> EXERCISE REQUIREMENTS:
Return all the data exactly, keeping the pictures out.

> DATASET SECTION:

[Start of section]

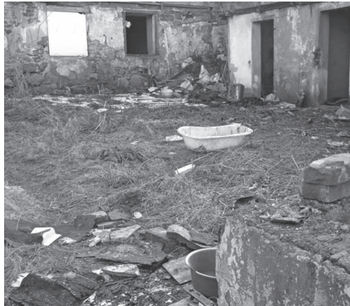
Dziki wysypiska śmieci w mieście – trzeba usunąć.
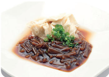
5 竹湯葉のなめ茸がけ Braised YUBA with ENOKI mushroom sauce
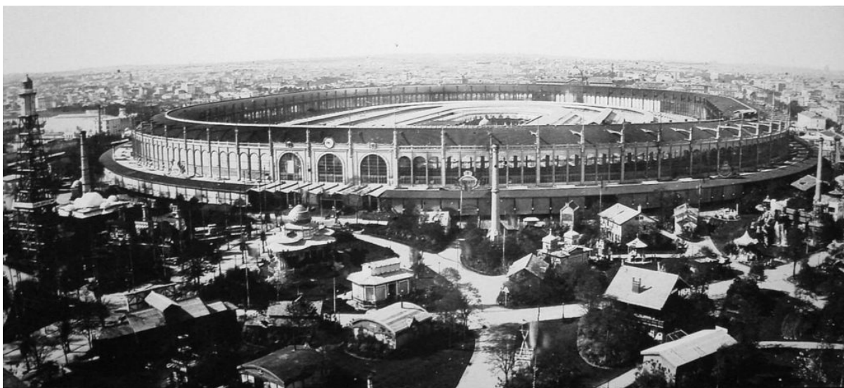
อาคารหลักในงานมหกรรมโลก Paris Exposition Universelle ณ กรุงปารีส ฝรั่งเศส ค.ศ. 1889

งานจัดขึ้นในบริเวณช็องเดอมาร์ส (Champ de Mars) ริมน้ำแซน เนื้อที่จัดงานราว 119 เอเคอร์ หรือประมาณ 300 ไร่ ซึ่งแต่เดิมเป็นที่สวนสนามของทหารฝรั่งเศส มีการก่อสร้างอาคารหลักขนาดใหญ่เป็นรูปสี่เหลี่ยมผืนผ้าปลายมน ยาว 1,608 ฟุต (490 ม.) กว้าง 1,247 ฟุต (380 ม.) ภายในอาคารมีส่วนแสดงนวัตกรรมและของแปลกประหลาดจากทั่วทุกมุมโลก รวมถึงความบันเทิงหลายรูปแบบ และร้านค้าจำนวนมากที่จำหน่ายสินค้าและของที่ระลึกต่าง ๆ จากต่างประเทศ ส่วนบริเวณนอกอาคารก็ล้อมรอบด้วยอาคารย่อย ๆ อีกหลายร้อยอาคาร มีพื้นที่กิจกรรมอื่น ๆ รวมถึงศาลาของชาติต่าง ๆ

[End of section]

> EXERCISE RESULT:
Dziki wysypiska śmieci w mieście – trzeba usunąć.
5 竹湯葉のなめ茸がけ Braised YUBA with ENOKI mushroom sauce
อาคารหลักในงานมหกรรมโลก Paris Exposition Universelle ณ กรุงปารีส ฝรั่งเศส ค.ศ. 1889

งานจัดขึ้นในบริเวณช็องเดอมาร์ส (Champ de Mars) ริมน้ำแซน เนื้อที่จัดงานราว 119 เอเคอร์ หรือประมาณ 300 ไร่ ซึ่งแต่เดิมเป็นที่สวนสนามของทหารฝรั่งเศส มีการก่อสร้างอาคารหลักขนาดใหญ่เป็นรูปสี่เหลี่ยมผืนผ้าปลายมน ยาว 1,608 ฟุต (490 ม.) กว้าง 1,247 ฟุต (380 ม.) ภายในอาคารมีส่วนแสดงนวัตกรรมและของแปลกประหลาดจากทั่วทุกมุมโลก รวมถึงความบันเทิงหลายรูปแบบ และร้านค้าจำนวนมากที่จำหน่ายสินค้าและของที่ระลึกต่าง ๆ จากต่างประเทศ ส่วนบริเวณนอกอาคารก็ล้อมรอบด้วยอาคารย่อย ๆ อีกหลายร้อยอาคาร มีพื้นที่กิจกรรมอื่น ๆ รวมถึงศาลาของชาติต่าง ๆ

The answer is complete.